Along the way his vision and the style he worked in evolved. In the late 1980s, it was the goings-on of his farm animals drew his interest. His paintings of barnyard politics of cows and chooks are choreographed and sophisticated as well as being quite earthy. They remain amongst his best loved works. As the broader landscape itself starts to command his interest, however, the farm’s role in the greater scheme of things changes. The key moment in his development, which took place in the late 1980s, occurs when we start to see the earth, forest, and the sky from the viewpoint of a person lying flat on the ground. With the trees reaching upwards into the sky, as seen from below, Robinson rolled the landscape on its side and subjected it to the kind of examination you can undertake when you are alone, relaxed and in repose. 
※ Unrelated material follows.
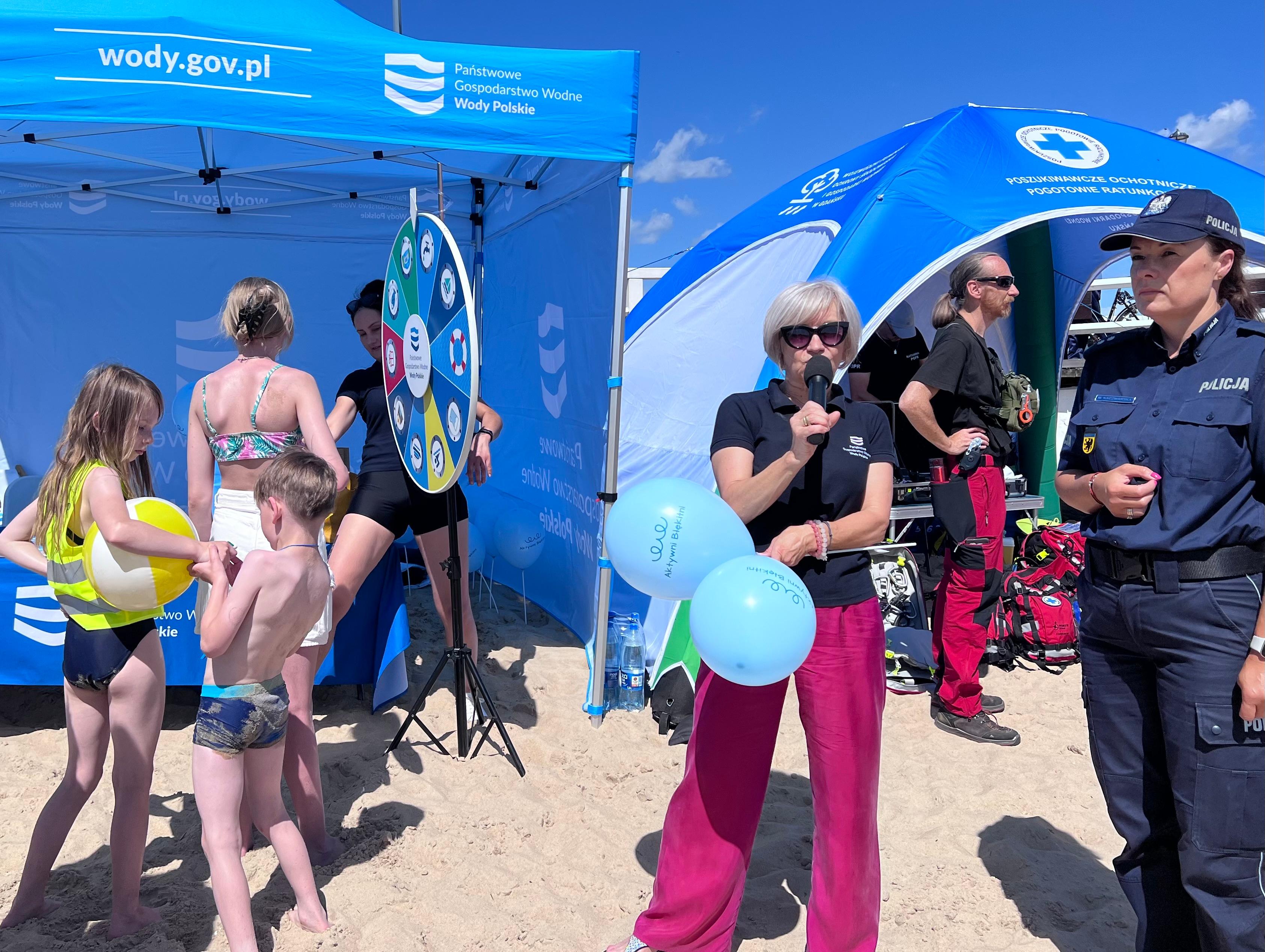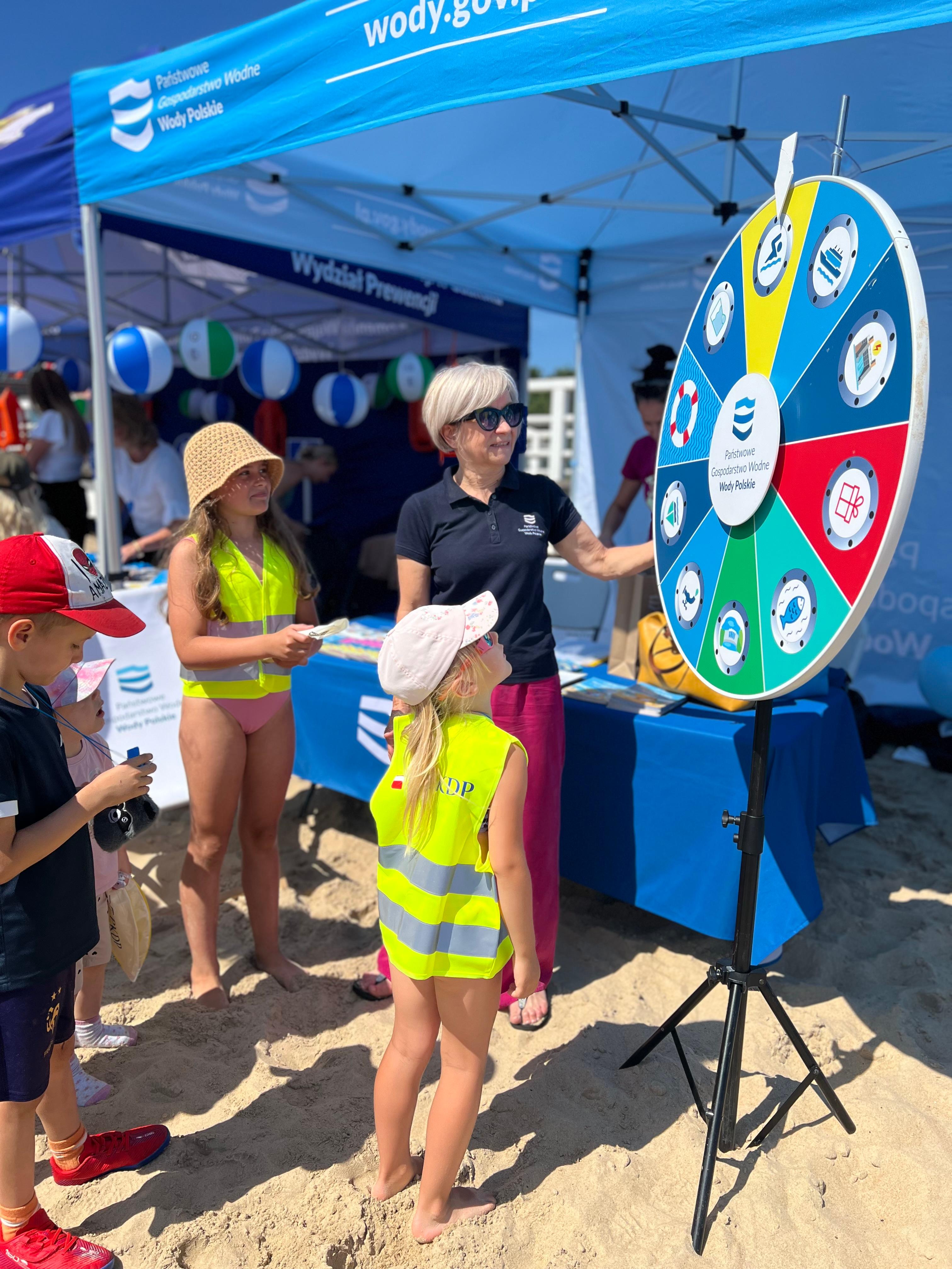 Pogoda dopisała. Dużo atrakcji, uśmiechów i dobrej zabawy. W sobotę 29 czerwca na plaży w Brzeźnie kręciliśmy wodnym kołem fortuny przypominając właściwe zachowania podczas odpoczynku nad wodą. Wspólnie z policjantami i ratownikami wodnymi powtórzyliśmy zasady udzielania pierwszej pomocy, bezpiecznej kąpieli i właściwego uprawiania sportów wodnych. Akcja informacyjno-edukacyjna „Kręci mnie bezpieczeństwo nad wodą” organizowana jest cyklicznie przez Wydział Prewencji Komendy Wojewódzkiej Policji w Gdańsku. Bezpośrednimi adresatami projektu są dzieci, młodzież, jak i osoby dorosłe, a pośrednio podmioty prowadzące działalność w zakresie rekreacji wodnej. Odpoczywajmy nad wodą bezpiecznie i odpowiedzialnie.

Night and Day belongs to the period when Robinson’s vision enters a philosophical phase, when the spirituality of the bush takes over from its domestication. The cows, a final trace of man’s activity, fade as dusk draws a veil over the scene. The capacity of a landscape to inspire thoughts of magic and mystery is now Robinson’s inspiration. As the paintings evolve through the 1990s into these remarkable views, which combine the awe of distance and the close intimacy of the understory, where leaves, branches, clouds, sunbeams and showers and stars contribute the final element, he succeeds in his quest of rendering the sublime. These paintings, although as stylised as anything by William Blake or Samuel Palmer, are nevertheless thoroughly convincing as depictions of the part of the country he knows best.